- [Requirement] Only the lines from the one containing "Hiking up into" through the end of the material should be printed, exactly as they appear. Leave out pictures.

- [Given information]
# # # # #
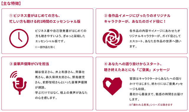 ①豪華声優陣をガイド役に、ビジネス書や自己啓発書を要約・再構成したオーディオブックの新レーベルです。
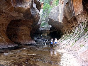 Hiking up into The Narrows (Zion National Park) from the Temple of Sinawava is popular in summer. However, hiking beyond Big Springs requires a permit. The entire Narrows from Chamberlain’s Ranch is a 16-mile one way trip that typically takes 12 hours of strenuous hiking. A shorter alternative is to enter the Narrows via Orderville Canyon. Both Orderville and the full Narrows require a back country permit. Entrance to the Parunuweap Canyon section of the park downstream of Labyrinth Falls is prohibited. Other often-used backcountry trails include the West Rim and LaVerkin Creek.
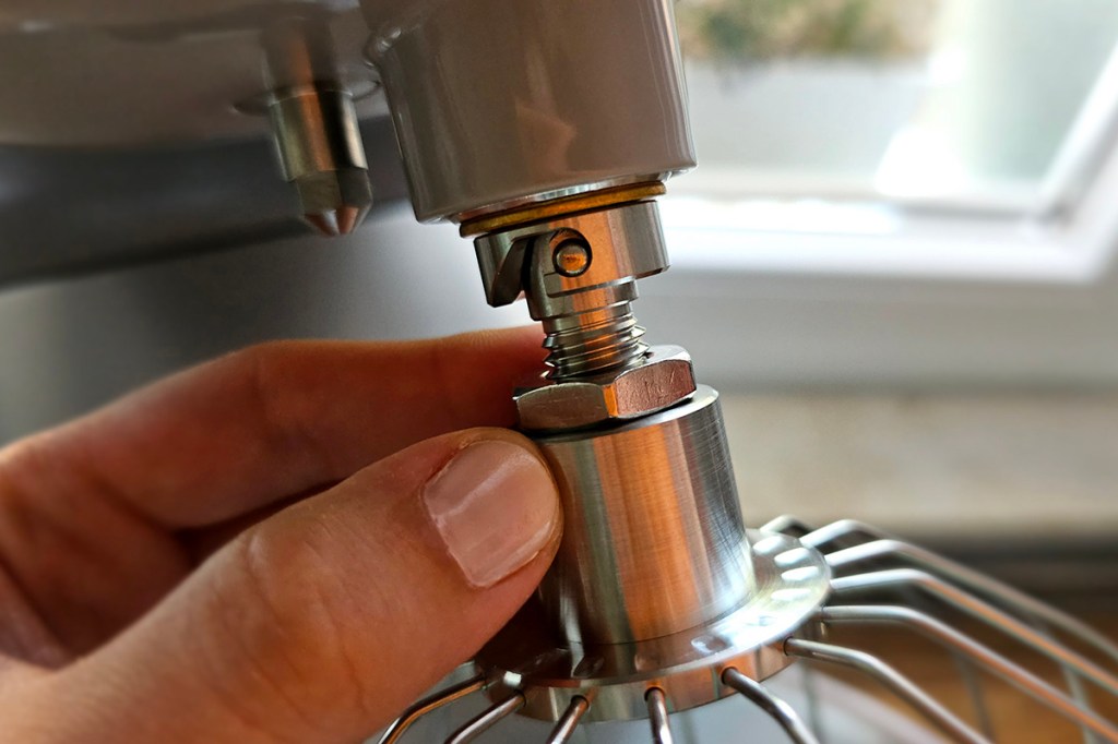 In dieser Position kann man den Rührarm dann manuell bis oben drücken, was allerdings im oberen Bereich etwas Kraft erfordert. Zudem kippt das Gerät leicht nach hinten, bevor es einrastet und gesperrt ist. Zum Runterklappen drückt man ebenfalls auf den Entsperr-Knopf. Doch dann kracht dieser mit viel Schwung fast ganz nach unten, weshalb der Rührarm unbedingt festgehalten werden sollte.
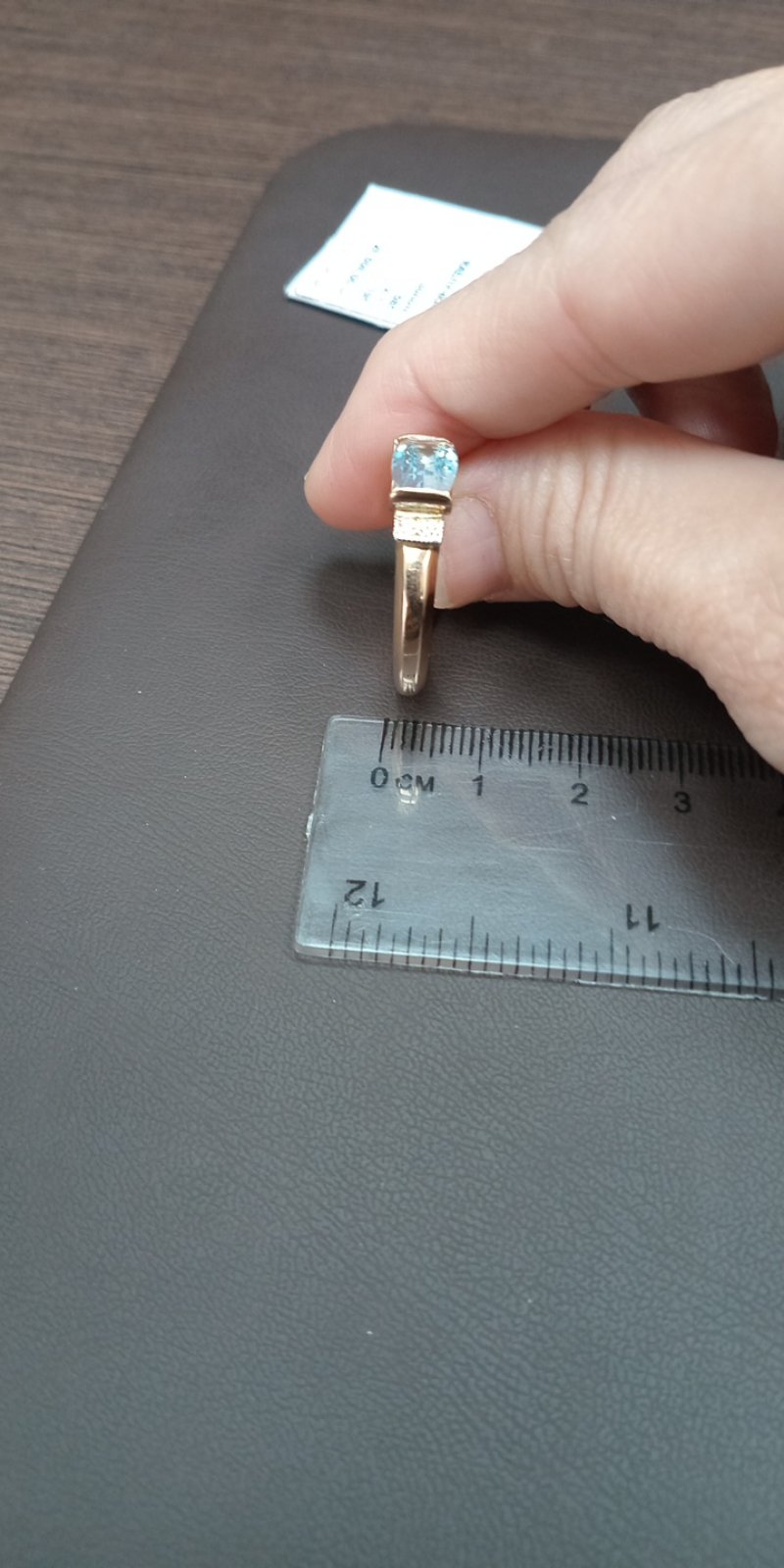 Золотое кольцо в красном с белым цвете с голубым топазом 01-200102702
# # # # #
- [Response below]
 Hiking up into The Narrows (Zion National Park) from the Temple of Sinawava is popular in summer. However, hiking beyond Big Springs requires a permit. The entire Narrows from Chamberlain’s Ranch is a 16-mile one way trip that typically takes 12 hours of strenuous hiking. A shorter alternative is to enter the Narrows via Orderville Canyon. Both Orderville and the full Narrows require a back country permit. Entrance to the Parunuweap Canyon section of the park downstream of Labyrinth Falls is prohibited. Other often-used backcountry trails include the West Rim and LaVerkin Creek.
 In dieser Position kann man den Rührarm dann manuell bis oben drücken, was allerdings im oberen Bereich etwas Kraft erfordert. Zudem kippt das Gerät leicht nach hinten, bevor es einrastet und gesperrt ist. Zum Runterklappen drückt man ebenfalls auf den Entsperr-Knopf. Doch dann kracht dieser mit viel Schwung fast ganz nach unten, weshalb der Rührarm unbedingt festgehalten werden sollte.
 Золотое кольцо в красном с белым цвете с голубым топазом 01-200102702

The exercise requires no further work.